In a dawn television address yesterday, Amien Rais, the Muslim academic who has become the focus of popular protest against Suharto, cancelled the demonstration which he had called and appealed to his followers to stay at home. "Last night someone told me - who happens to be an army general - that he doesn't care at all if a Tiananmen incident will takes place today in Jakarta," he said. "I was so shocked to hear this."

In the old capital of Yogyakarta, the Sultan of the city led half a million people in a peaceful rally in front of his palace, and another 200,000 protesters staged peaceful demonstrations in other cities. In Jakarta, protests were confined to the parliament building which has been taken over by thousands of university students.

Freedom Square, where the cancelled demonstration was supposed to have taken place, was completely sealed off with barricades of wood and barbed wire. Troops patrolled in Land Rovers, armoured cars, helicopters and tanks were positioned on flyovers, roundabouts, and in front of the big hotels and embassies.

"I don't want anybody to die just to force Suharto to step down," Dr Rais told a press conference later in the day. He admitted the climbdown over the demonstration was "a setback" but insisted the power of the people on the streets could be unleashed again if the President refused to leave in a constitutional manner.

On Tuesday, in an attempt to defuse increasingly vociferous demands for his resignation, the President announced he would leave office after holding national elections, though the date for these polls was not specified.

The protesters are demanding his immediate resignation. At the parliament building, waves of jubilant students flooded in during the day to reinforce their colleagues already in the building.
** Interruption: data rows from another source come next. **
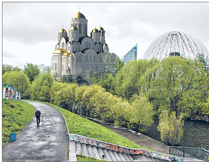
Самая спорная площадка под строительство храма - участок, где раньше располагалась телебашня. Мэр Екатеринбурга настаивает, чтобы здесь расположилась ледовая арена, а не собор

В Екатеринбурге прошло третье заседание рабочей группы по подготовке опроса горожан о строительстве собора Святой Екатерины. Участники выбрали три площадки для народного голосования: пустырь на пересечении улиц Белинского и Фурманова, территория приборостроительного завода (Горького, 17) и участок на месте снежной телебашни. Споры, переходящие в словесную перепалку на повышенных тонах, затянулись на два часа, поэтому обсудить сроки проведения опроса и саму формулировку вопросов участники группы не успели.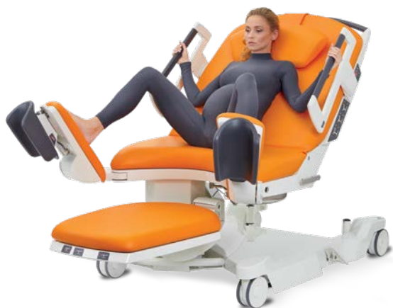
Halfzittende houding met voeten op de beensteunen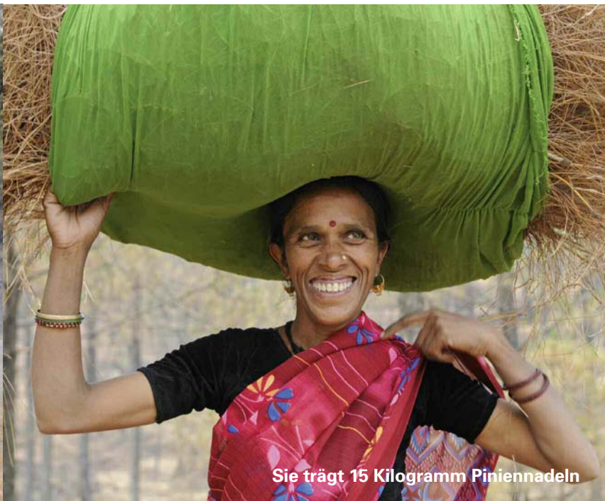
Sie trägt 15 Kilogramm Piniennadeln

der Verwertung. Und tatsächlich: Im grössten gedeckten Raum der Fabrik steht eine neue Brikettmaschine – unsere!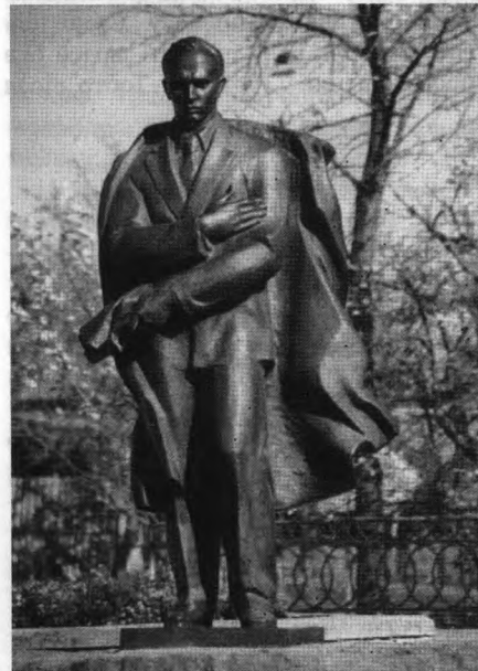
Пам'ятник провідникові ОУН С.Бандері в його рідному селі Старий Угринів

Восени 2007 року неподалік Івано-Франківська в с.Узині Тисменицького району з нагоди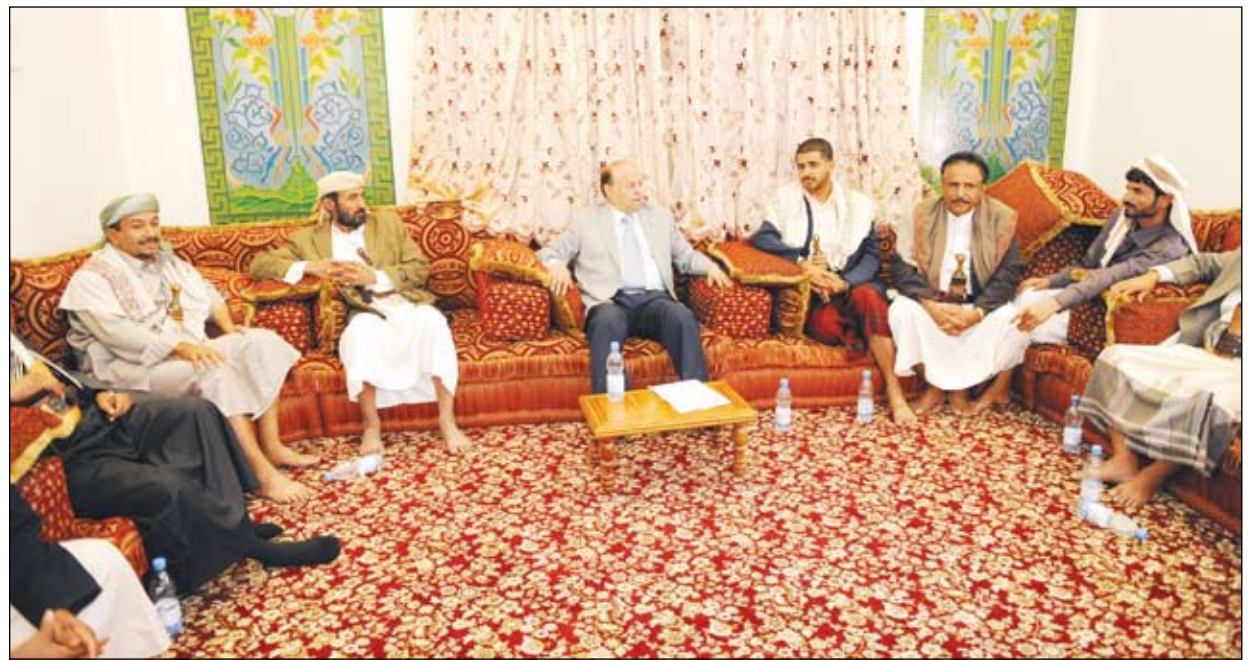
رئيس الجمهورية لدى استقباله مشايخ وأعيان ووجهاء محافظة شبوة أمس

صنعاء / سيا: استقبل الأخ عبد ربه منصور هادي رئيس الجمهورية أمس مجموعة من مشايخ وأعيان ووجهاء محافظة شبوة الذين جاؤوا لتهنئته بسلامة العودة بعد زيارته الخارجية الطيبة والمثمرة، وإطلاعه كذلك على أوضاع محافظة شبوة واحتياجاتها الملحة في قطاعات التنمية المختلفة.. معبرين عن سعادتهم بهذا اللقاء وطرح همومهم وتطلعاتهم. وقد عبر الأخ الرئيس عبد ربه منصور هادي عن مسعده بهذا اللقاء.. وقال «إن كل ما تم تناوله وطرحه من مواضيع وقضايا مشروعة تم المحافظة وإبناؤها سيتم العمل على حلها وتذليلها». وأشار إلى الوضع الذي تسلم فيه مقاليد السلطة في اليمن في ظل أوضاع صعبة ومعقدة وموارد محدودة ومعمنة.. لافتاً أن ذلك أيضاً لا يعفي الدولة من القيام بواجباتها في تنفيذ وتحقيق المشاريع والاستحقاقات المشروعة في مختلف مناحي الحياة وقطاعات التنمية المختلفة وفي ضوء ظروف أمانة ومستقرة. وقال «نحن اليوم على اعتبار مرحلة جديدة عنونها الأبرز الحوار الوطني الشامل الذي لا يستثنى احداً والذي يتطلع إليه كل أبناء الوطن لإرساء معالم الدولة اليمنية المدنية الحديثة وصولاً إلى نظام الحكم الرشيد المبني على العدالة والمساواة بين مختلف أبناء المجتمع».

The leaders of Suharto's own party, Golkar, yesterday repeated their hope that the President will resign voluntarily at a special session of the People's Consultative Assembly. "The President has decided that his legitimacy has declined and cannot be revived," the Indonesian environment minister, Juwono Sudarsono, told The Independent yesterday. "What he wants from the leadership of the armed forces is a dignified exit."

In Jakarta, many protesters are calling for the President to be hanged and were in no mood for compromise. But his aides are talking about the possibility of elections next January, and a new president by March.